Create a BufferedReader from the file and read() char by char. Put digit char into a String, then Integer.parseInt(), skip any non-digit char and continue parsing on the the next digit, etc, etc.

The readLine() method reads the whole line at once thus eating up a lot of memory. This is highly inefficient and does not scale to an arbitrary big file.
You can use a StreamTokenizer
like this:
StreamTokenizer tokenizer = new StreamTokenizer(new FileReader("bigfile.txt"));
tokenizer.parseNumbers(); // default behaviour
while (tokenizer.nextToken() != StreamTokenizer.TT_EOF) {
if (tokenizer.ttype == StreamTokenizer.TT_NUMBER) {
numbers.add((int)Math.round(tokenizer.nval));
}
}
I have not tested this code but it gives you the general idea.

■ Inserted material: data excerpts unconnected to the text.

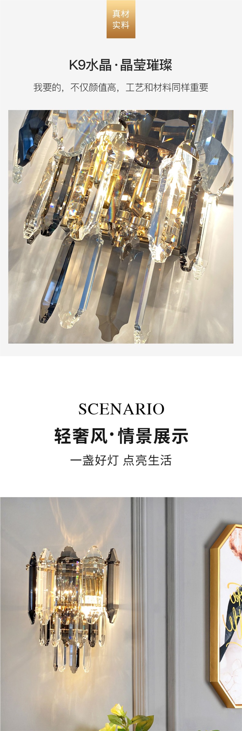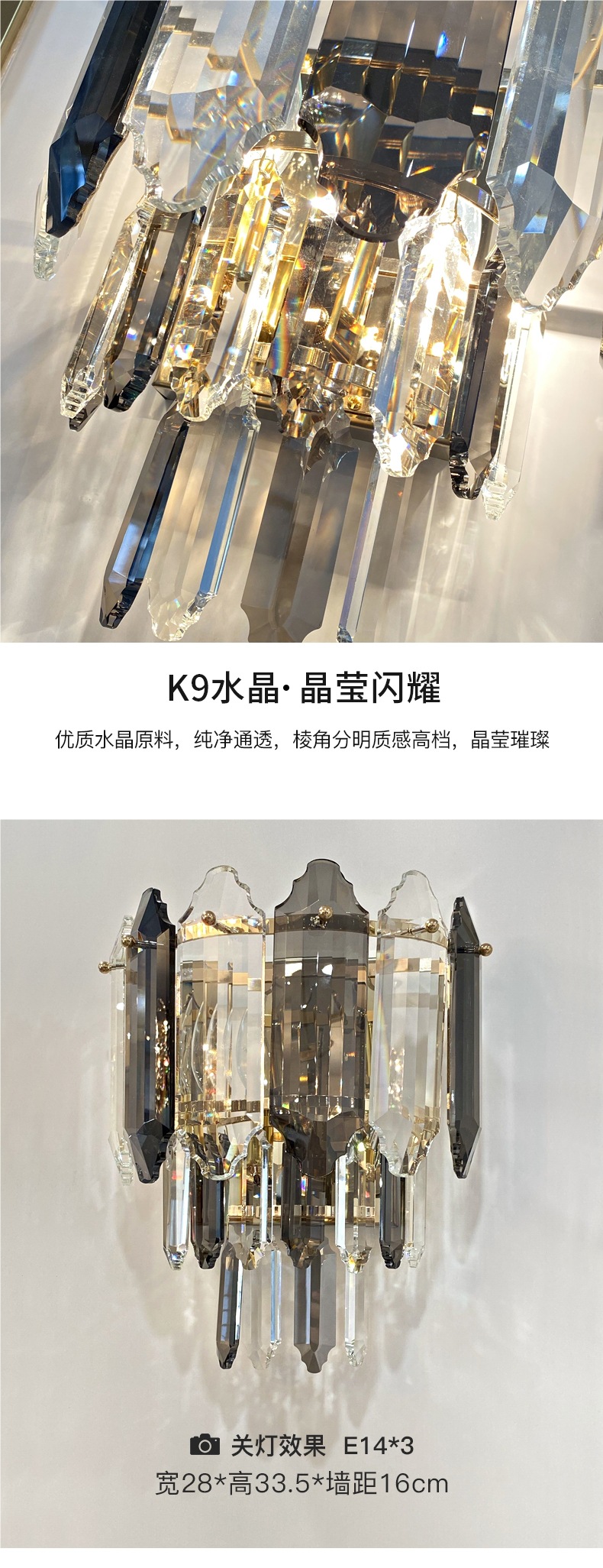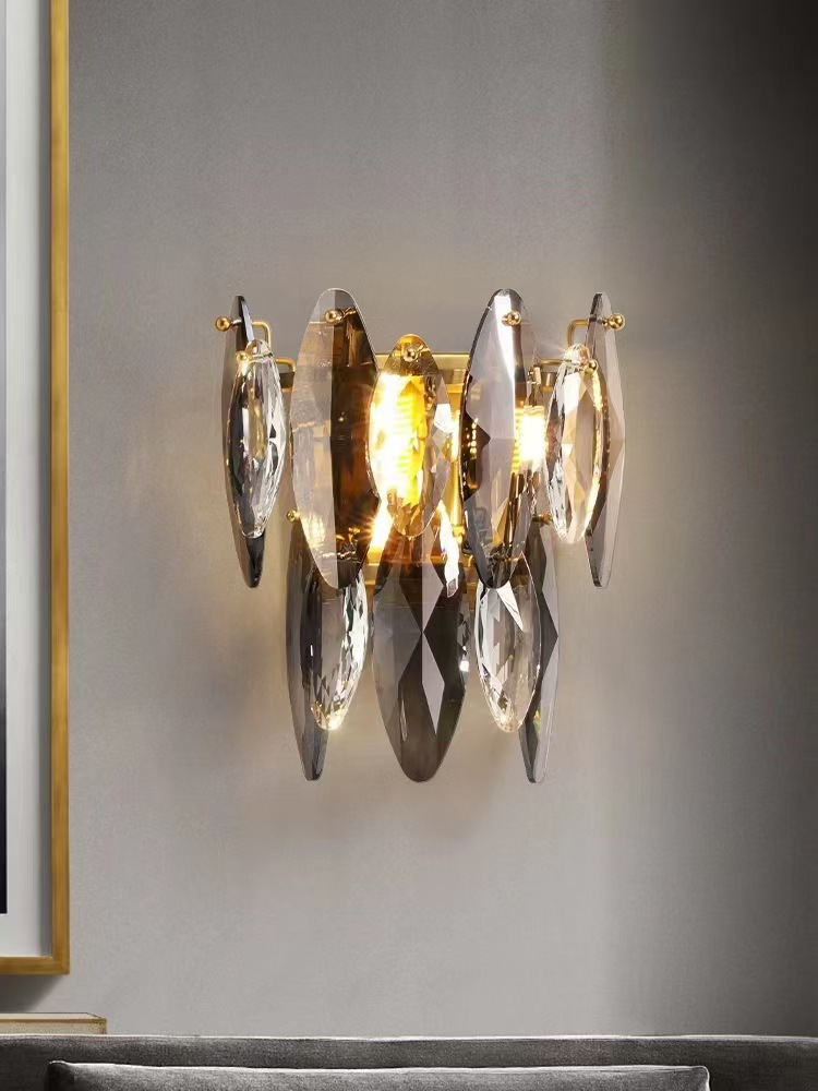 크리스탈 벽 램프 크리 에이 티브 유럽 스타일의 거실 TV 소파 배경 벽 램프 침실 머리맡 램프 통로 조명 럭셔리 벽 램프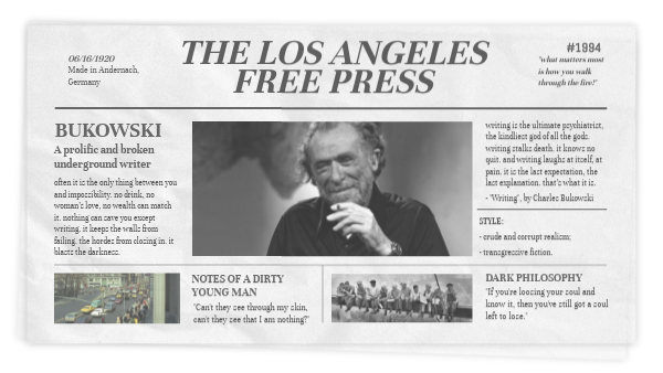beware the average man the average womanbeware their love, their love is average seeks average but there is genius in their hatred there is enough genius in their hatred to kill you to kill anybody not wanting solitude not understanding solitude they will attempt to destroy anything that differs from their own not being able to create art they will not understand art they will consider their failure as creators only as a failure of the world not being able to love fully they will believe your love incomplete and then they will hate you and their hatred will be perfect like a shining diamond like a knife like a mountain like a tiger like hemlock their finest art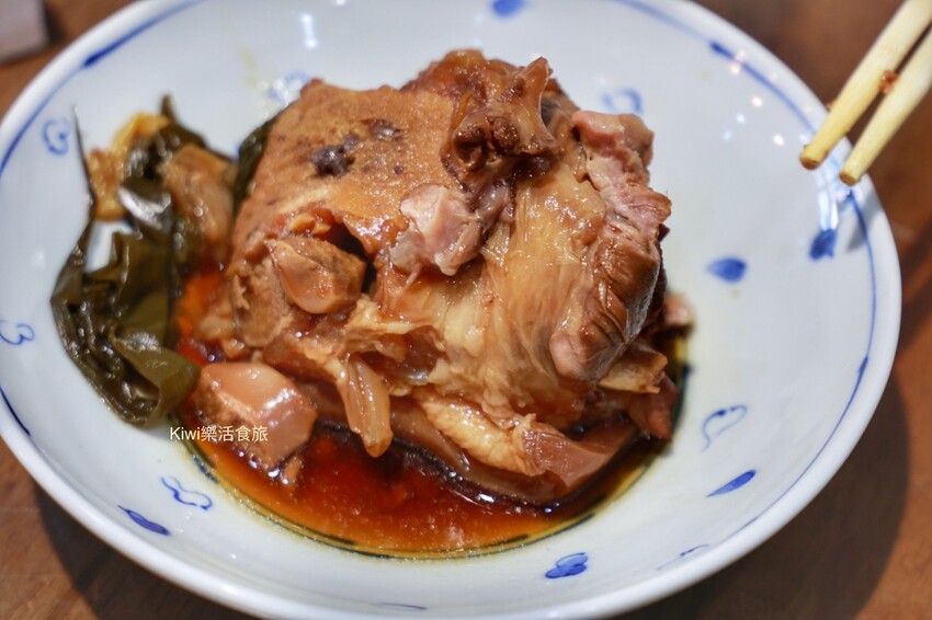 豬腳的外衣裹起琥珀色,放入大量的洋蔥、蔥跟蔭瓜、蔬菜,增加甘甜味,與以往的滷肉大不同,原來這些配方都是由阿嬤傳承下來的,甘味與甜味的加成風味,讓你愛不釋手。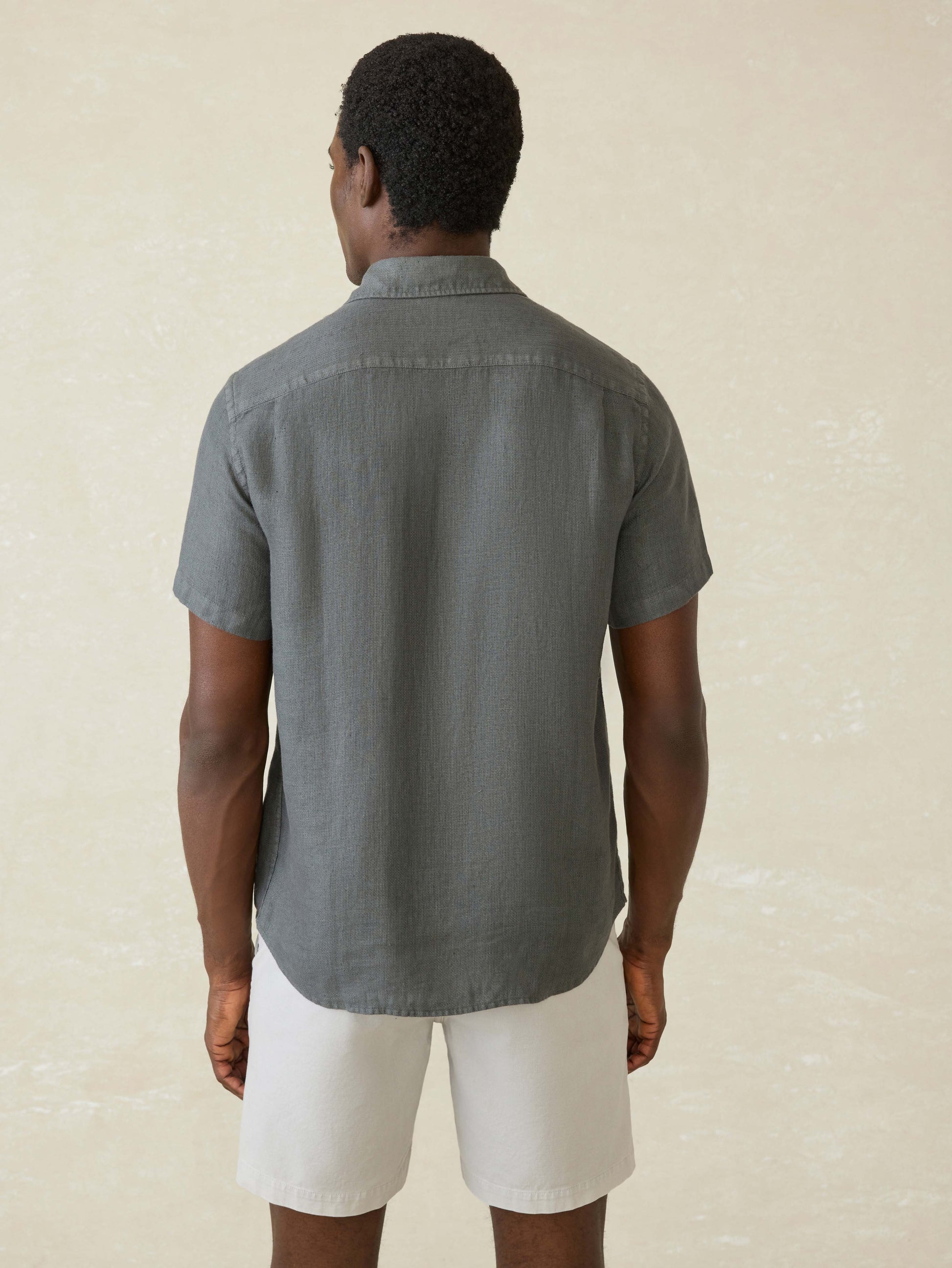 Short-Sleeve Palma Linen Shirt - Washed Black Basketweave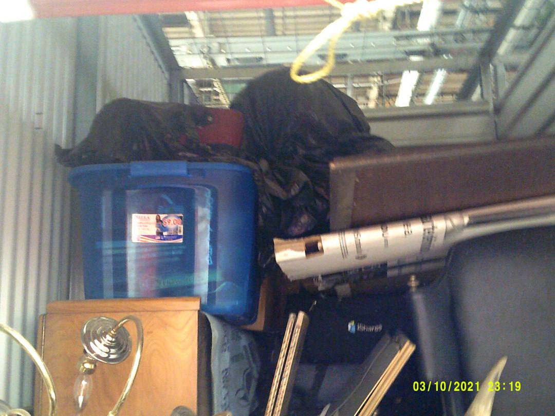 This unit appears to contain…READ ALL AUCTION RULES BEFORE BIDDING!!! Unit appears to contain: Chair, coffee table, clothes, boxes, chandelier, dresser, totes, baseball bat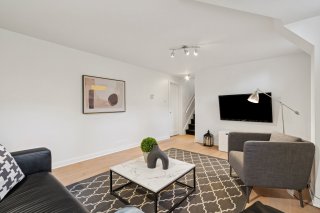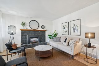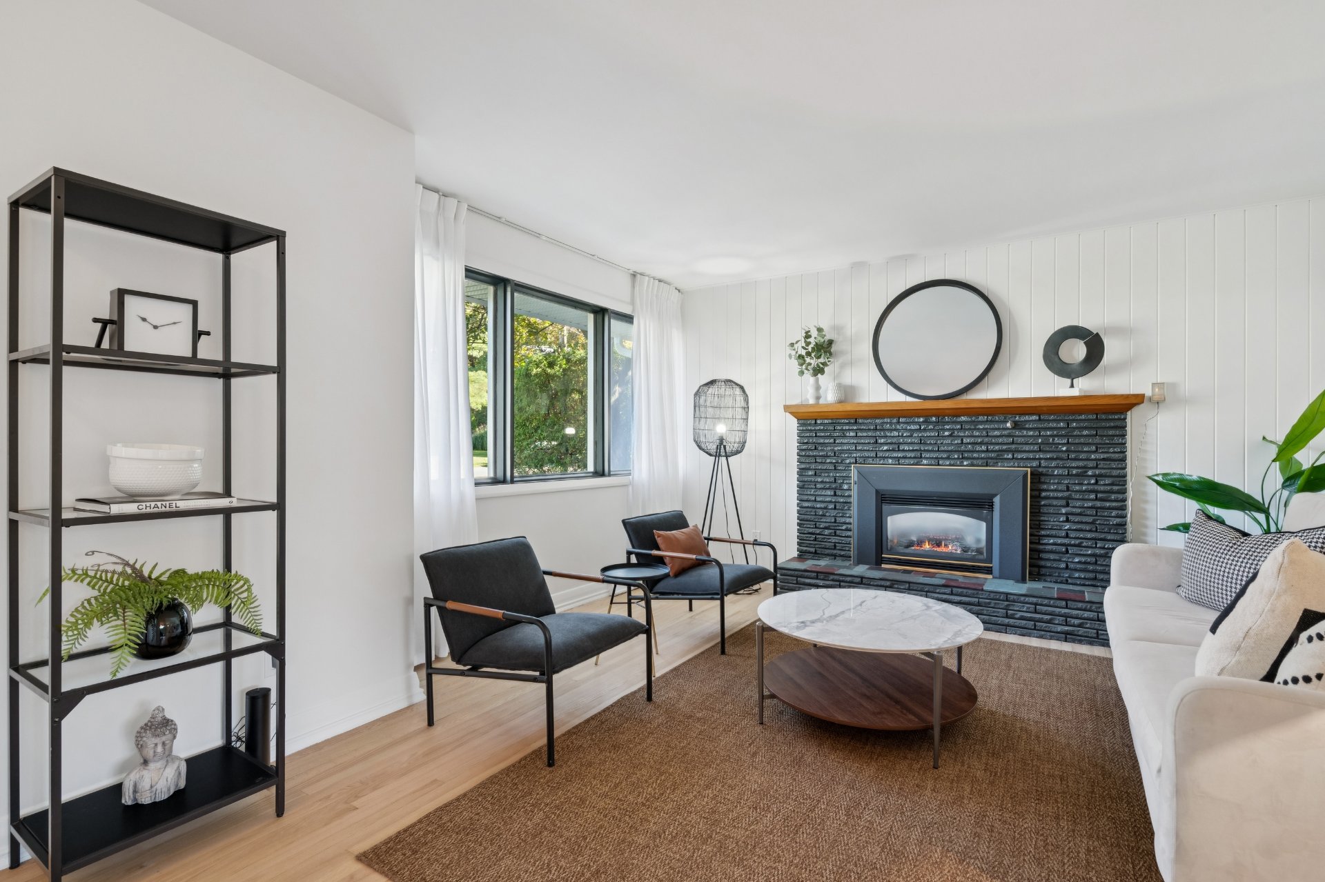 sur un espace de vie à aire ouverte baigné de lumière.

here is an version that minimize the memory usage. No byte to char conversion. No String operations. But in this version it does not handle negative numbers.
public static void main(final String[]a) {
final Set<Integer> number = new HashSet<>();
int v = 0;
boolean use = false;
int c;
// Input stream avoid char conversion
try(InputStream s = new FileInputStream("C:\\Users\\User\\Desktop\\big50m.txt")) {
// No allocation in the loop
do {
if((c = s.read()) == -1) break;
if(c>='0' && c<='9') { v = v * 10 + c-'0'; use = true; continue; }
if(use) number.add(v);
use = false;
v = 0;
} while(true);
if(use) number.add(v);
} catch(final Exception e){ System.out.println("Can't read the file..."); }
}

On Running the program with -Xmx2048m, the provided snippet worked (with some adjustments: declared numbers as List numbers = new ArrayList<>(50000000); )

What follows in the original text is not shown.